Markets, Broome race days, camel rides on Cable Beach, sunset boat tours, checking out dinosaur footprints, stairway to the moon at the Mangrove Resort or perhaps lunch at Matso’s, are just some of the options available. One thing for sure, don’t leave your wallet behind, as some of these options come at a premium price. As the old saying goes, ‘It ain’t cheap, but it’s good!’ Personally, after seven years of trips here and predominantly in work mode, I prefer to seek out the quieter, less crowded options like sunset drinks on the back of the truck at isolated beaches or camping overnight up the coast. Having said that, I will likely catch the last three races this Saturday after a skipper’s course.

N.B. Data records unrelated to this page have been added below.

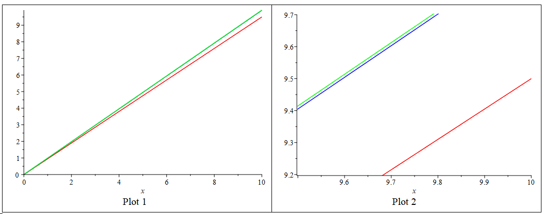 P2:=display(p1,p2,p3, view=[9.5..10,9.2..9.7],caption="Plot 2", captionfont=[times,16]);
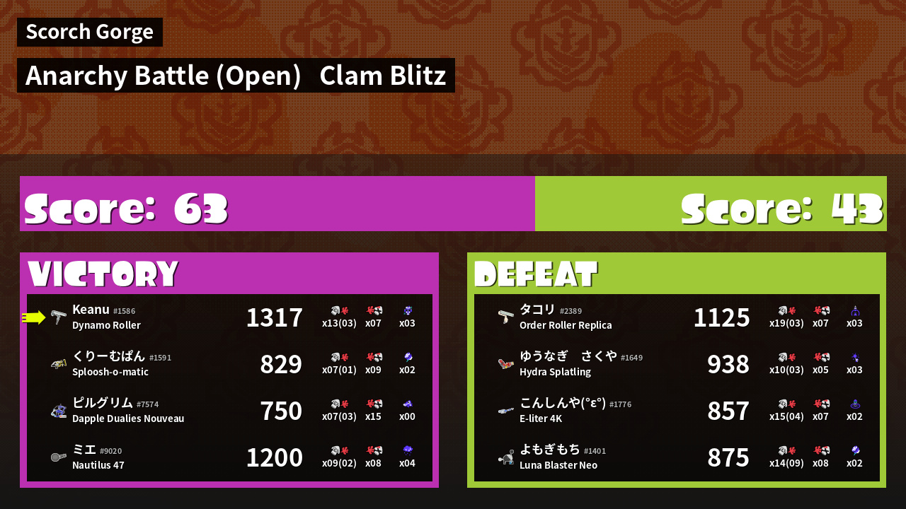 | Mode | Clam Blitz - Anarchy Battle (Open) | ||
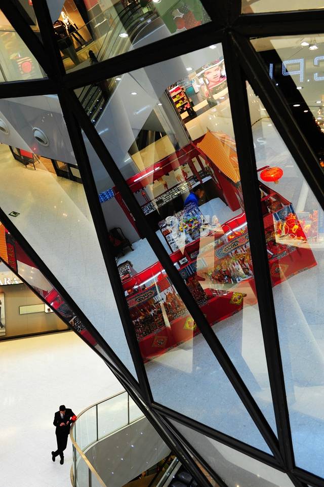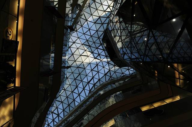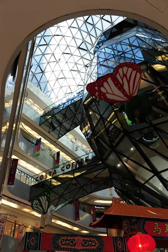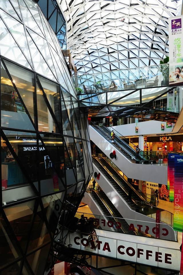 这就是我挑选的正常的地方之一,卖点就是它是我的一只友做的,北京来福士。是个小小的几万平米的商场,手法无比的简单,就是在一个巨大的中庭里面做了一个巨大的扭动的上大下小的玻璃泡,玻璃泡里又有一些可以使用的空间,屋顶也是弧面的玻璃,它的材质选的特别的奇妙,可以说反射和透射比选的特别的好吧,让你的世界充满了幻影。你看别人的时候,又能看到自己。任何有趣的建筑都是成功的,其他都不说,例如地下一层在炸薯条,最上层的咖啡厅也能闻到的油味儿。
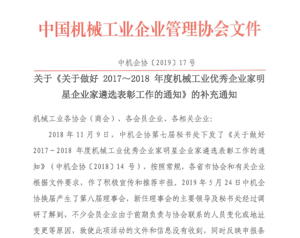關(guān)于做好2017~2018年度機(jī)械工業(yè)優(yōu)秀企業(yè)家明星企業(yè)家遴選表彰工作的補(bǔ)充通知
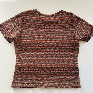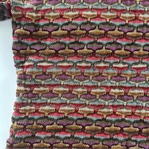 Elegant knit top with burgundy, gold, purple and blue tones. Features intricate patterns.
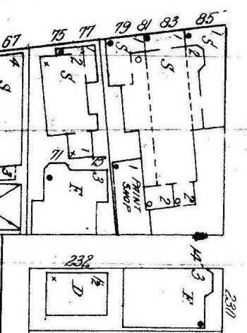 left off Elm St. and then turning to run down. In lower left is 232 Elm St., 1-1/2 story dwelling behind #230; enter from alley.
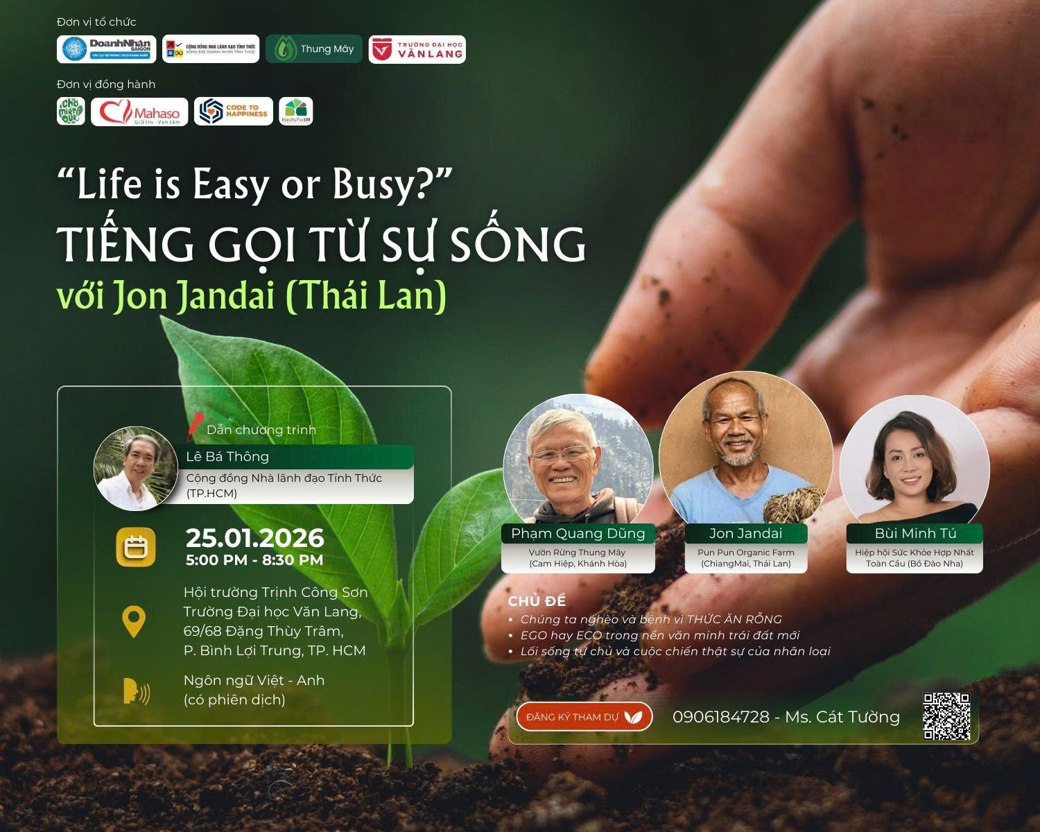 Chương trình “Life is Easy or Busy?” – Tiếng gọi từ sự sống với Jon Jandai. Chương trình mở ra không gian đối thoại sâu sắc, nơi sinh viên có cơ hội lắng nghe những chia sẻ giàu trải nghiệm từ các diễn giả uy tín, qua đó cùng suy ngẫm về khái niệm thành công, nhận diện giá trị bản thân và định hình cho mình một hướng đi rõ ràng, hài hòa và bền vững hơn trong học tập cũng như cuộc sống.
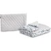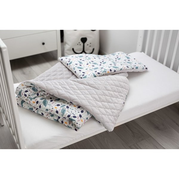 Komplet do łóżeczka to niezwykle przyjemny w dotyku kołderka i poduszka, które będą świetnym dodatkiem do wózka lub łóżeczka, przy okazji zapewniając komfortowy sen czy spacer. Wykonany został z bawełny, a w połączeniu z delikatnym pluszem tworzą duet idealny. Wypełnione są one antyalergiczną włókniną silikonową, a uroku dodaje im pikowany wzór chmurek, który wyróżnia je od tradycyjnego materiały Minky.
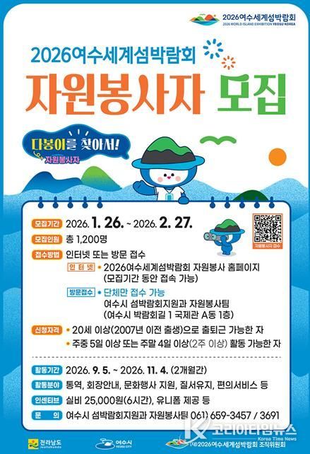 코리아타임뉴스 전남취재본부 | 여수시는 2026여수세계섬박람회 성공적인 개최를 위해 자원봉사자 다봉이(“다함께 봉사합니다”)를 모집 중이며 시민 참여 확대를 위해 “찾아가는 자원봉사 모집 설명회”를 운영할 계획이다.
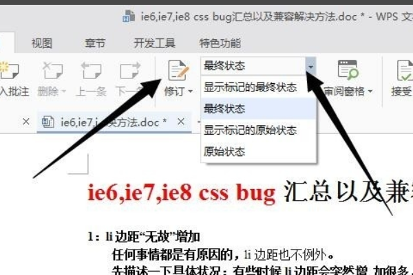 5.对于修订文档的显示方式也分为几种(红色标记内)。
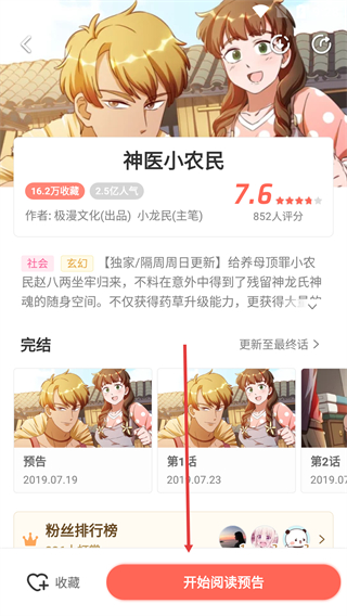 4、進入【神醫(yī)小農民】詳情頁,可查看作品的收藏-人氣等信息,點擊底部【開始閱讀預告】即可開啟閱讀。
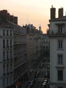 Back home on the Metro, along with half of Lyon it seemed like, then change clothes and enjoy our room for a while before dinner. Here’s a look out our window, up the street toward Place Belcour–a huge huge huge city square in Lyon.
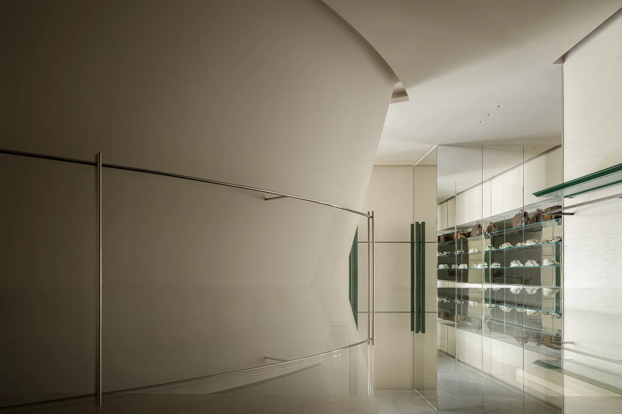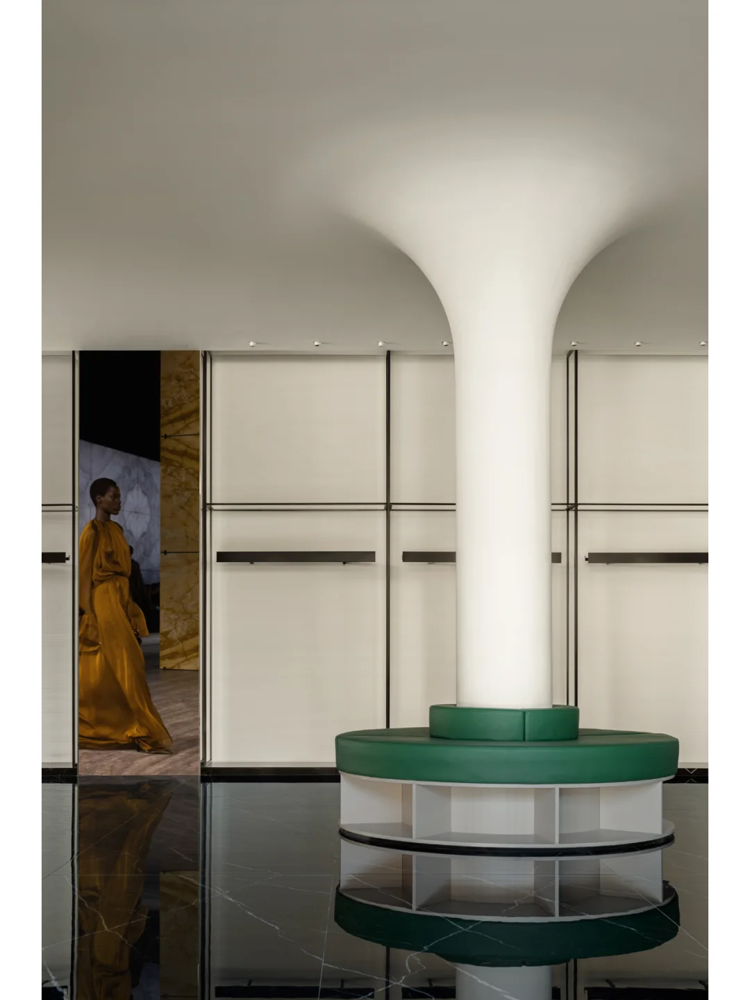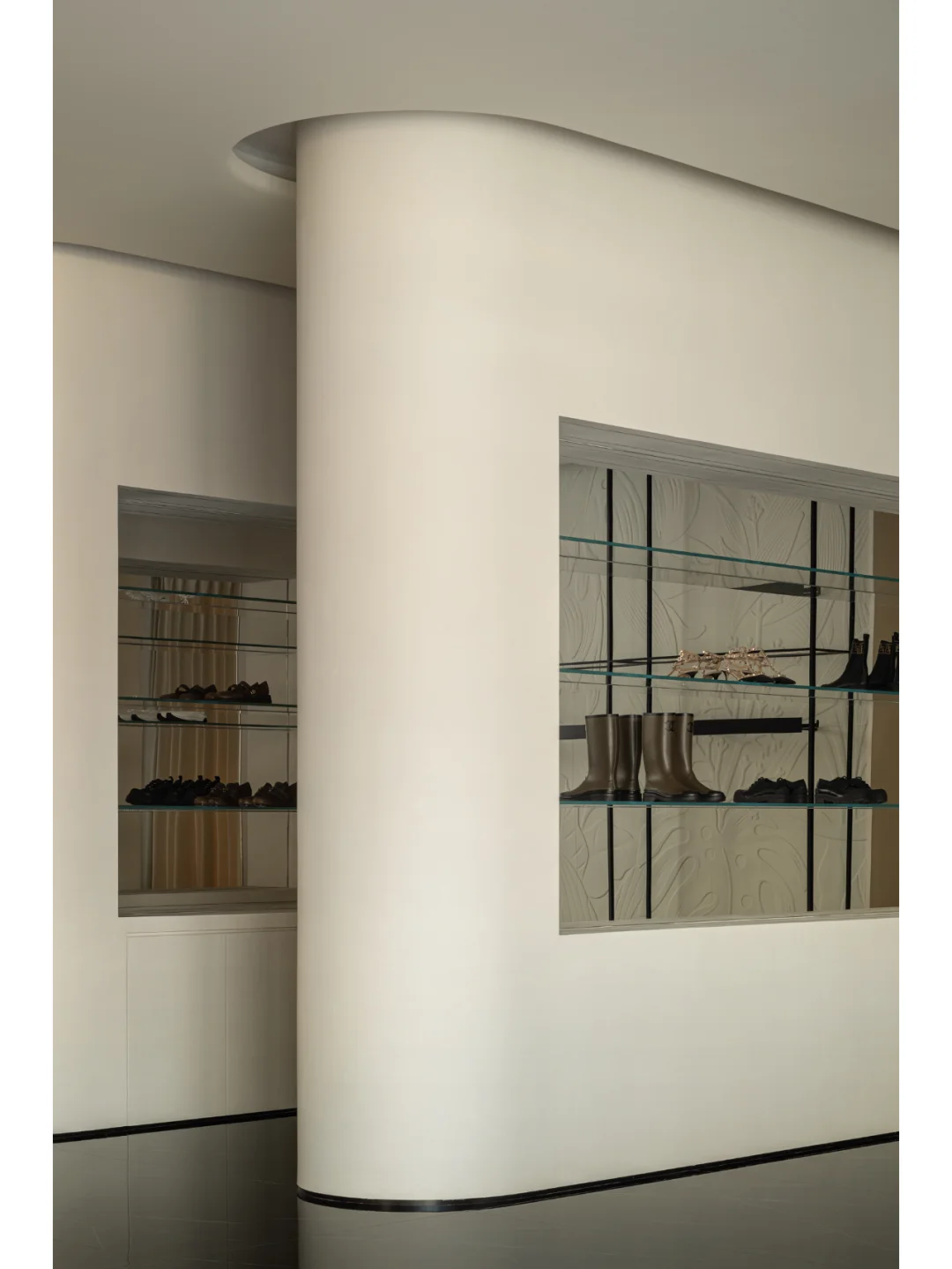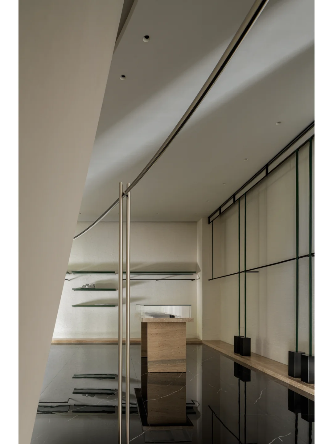 徕丽格旗舰店坐落于繁华都市的一隅,建筑原有的功能是售楼中心,总面积达2000平方米,一层为零售空间,二层为生活美学空间,专注于艺术品鉴赏、珠宝、高端名品沙龙等交流活动,上下两层各自演绎不同的奢华篇章。
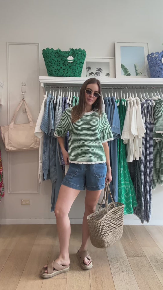 CERES LIFE NINA BOXY KNIT TEE - KELLY GREEN STRIPE
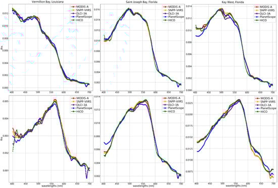The HICO scenes were sized at (512, 2000). Land and cloudy pixels were omitted from the evaluation, leading to 278,269 pixels to predict for Vermillion Bay, 290,107 for Saint Joseph Bay, and 422,440 for the Key West scene. The models showed a general trend of predicting each scene in roughly 5 min, with time increasing slightly from the 3-band PlanetScope model to the 11-band OLCI model as shown in Table 2. The metrics achieved on each of the scenes, given in Table 3, reflect an overall increase in accuracy with the increase in bands and appear to remain fairly consistent despite the changes in ocean-color distributions across the scenes. Most of the models achieve an of over 0.99, with the exception being the PlanetScope 3-band model achieving closer to 0.95. Overall, the fit of each hyperspectral curve shown in Figure 6 also reflects this increase in accuracy for the models with increased bands, with most of PlanetScope’s inaccuracy again occurring below the 490 nm band.

In our first two weeks here there were plenty of catch ups with people we had not seen for a while. These included Peter and Vanessa Godfrey ( Pete is the northern manager for Fisheries WA previously based in Busselton ), Brodie Trott ( ex marine studies student at Busso High now working on fishing boats ), Claudia Berson ( prac teaching at Broome primary school ) and Ian ( Mossie ) and Robin Moustaka. Mossie had just finished the Gibb River Cycle Challenge and was in much need of some R & R in Broome. We shared a sunset drinks truck tour as the camels passed by and as is often the case with his wife, Robin, the talk soon turned to fishing. You see Robin is a fishing maniac, mainly because her dad trained her up as a young girl in the States and since being in Oz, she is keen as hell. These guys have a holiday house in Gracetown too, but unfortunately the planets are yet to line up when Robin is down south on a day I am fishing, but that is sure to come. Mossie had hooked up with Trippy and Kylie from the Great Escape Charter Company to head out for a day’s fishing the next day in a friend’s 5m centre console and Robin was excited to say the least. Mossie could not speak highly enough of Trippy and Kylie and when I met them later in the day, I could see why. Just genuine, friendly people who run a fantastic business, but always willing to give. Anyway, Robin was quietly chuffed because apparently she had caught all the decent ‘fish’, but with a twist, as I found out after further interrogation. She landed a nice size king threadfin ( pictured ), lost another at the boat, but also incredibly, on a baitcaster rod, caught a legal size mudcrab that was safely landed. I arrived at Trippy’s house just in time to dig the hole for the fish carcass he had filleted, dropped Mossie and Robin back at their accommodation and finished up with a threadfin fillet and a mudcrab. Gotta be happy with that!
To answer last week’s question, the more common name for cherabin is simply freshwater prawn. This week’s question is, ‘What is the easiest way to distinguish a blue threadfin from a king threadfin?’